9. Potential Side Effects from Vaccinations Should Be Considered

According to media reports based on certain medical studies, a small percentage of individuals who receive the vaccine may suffer side effects. An employer that implements a mandatory vaccination policy should consider how it will handle situations where an employee subject to the mandatory vaccination policy suffers side effects from the vaccine. For example, an employer may wish to consider providing such an employee with a paid leave of absence during the period in which he or she is recovering from the side effects. An employer should also discuss any mandatory vaccination policy with applicable insurance carriers, including the employer’s workers’ compensation insurer, to address coverage in the event an employee becomes ill from side effects.

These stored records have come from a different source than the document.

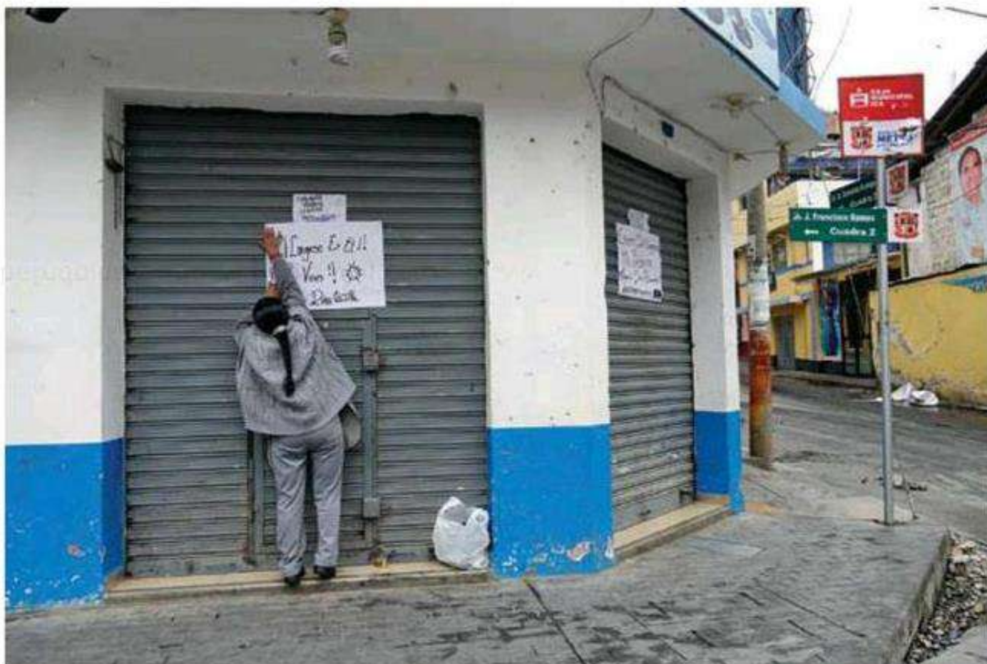
LAS PROTESTAS OBLIGARON AL CIERRE DE NEGOCIOS EN ANDAHUAYLAS Y OTRAS CIUDADES. AL CIERRE DE EDICIÓN, HABÍA 7 MANIFESTANTES FALLECIDOS Y 200 POLICÍAS HERIDOS.
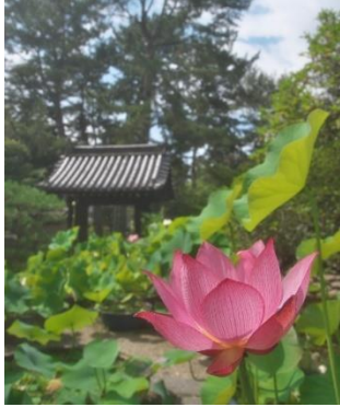
タイトル「古門の夏」
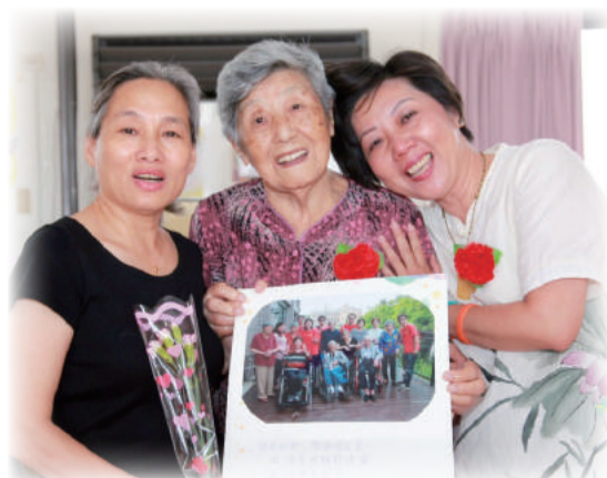
▲竹南日照中心慶祝母親節活動
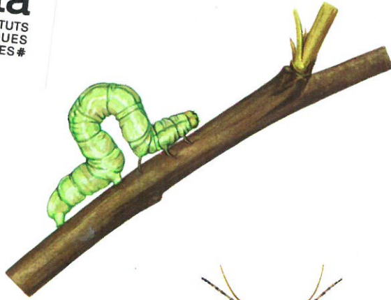
Chenille déambulant (Chenille arpenteuse)
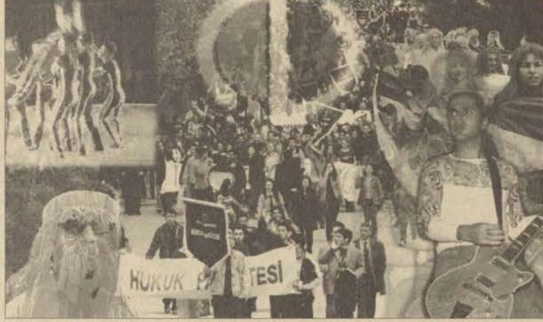
Bahar Şenliği'nde yine coşku, yine eğlence vardı.

Binlerce izleyicinin katıldığı şenlikte çeşitli konserler düzenlendi. Dünyaca Ünlü Kızılordu Korosu ve Türk popunun ünlü ismi Teoman konserlerinde Spor Salonu'nu tıklık tıklım doldurdular. ÖğHalk Dansları Topluluğu da her zamanki gibi büyük beğeni topladı. Teoman, Kurban gibi tanınmış bir çok sanatçının konser verdiği şenlikte, Devlet Konservatuarı da hem şenliğin açılış konseri hem de dinletilerle dinleyici karşısına çıktı. Öğrenciler Şenlik Yürüyüşü'ne her zamanki gibi büyük ilgi gösterdiler.
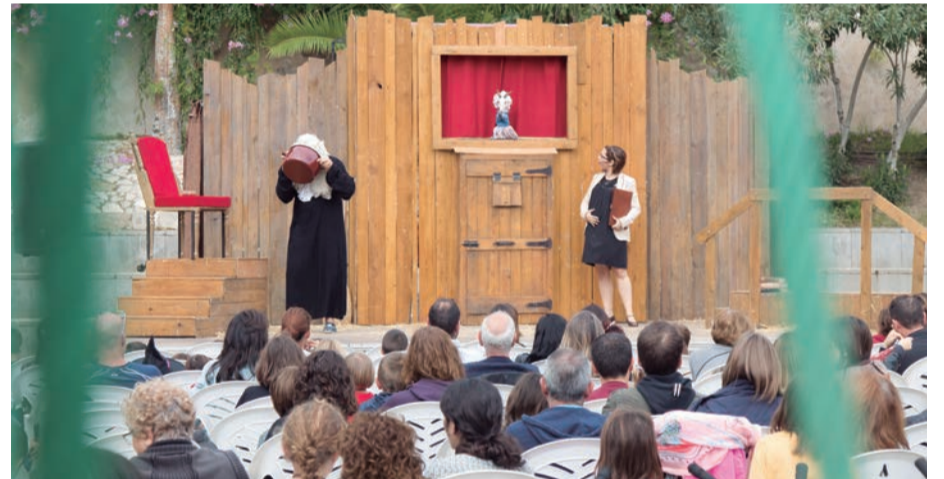
Sant Antoni. Amb la 'Petita' gaudim d'activitats que fan poble
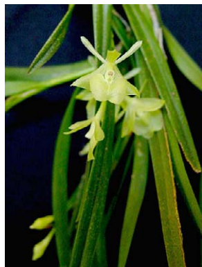
57 Epidendrum filicaule ORCHIDACEAE
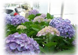
日野小会議室前のあじさい

1学期を振り返ると、子どもたちは様々な行事から体験的に学び、地域の皆様、外部講師の先生方等のご協力を得ながら、一人一人成長をすることができたと感じています。ありがとうございました。その成果や成長を振り返り、2学期につなげてほしいと思います。
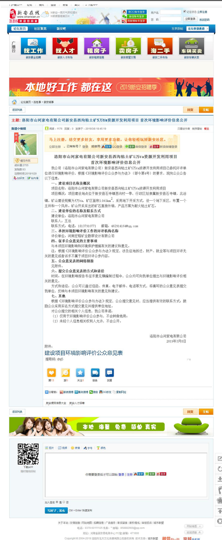
图 1 公众参与第一次公示 (网页截图)

10. All Employees May Not Have to Be Subject to a Mandatory Vaccination Policy

Due to the nature of the vaccination’s phased distribution, certain sectors of the population are eligible to receive the vaccination in the first phase, including frontline healthcare workers and long-term care facility residents. To ensure a safe workplace, an employer should consider whether to implement different vaccination policies with respect to employees in different roles and/or work locations. For example, an employer may wish to mandate vaccinations for employees who have more direct interaction with other workers or with the public as compared to employees who do not.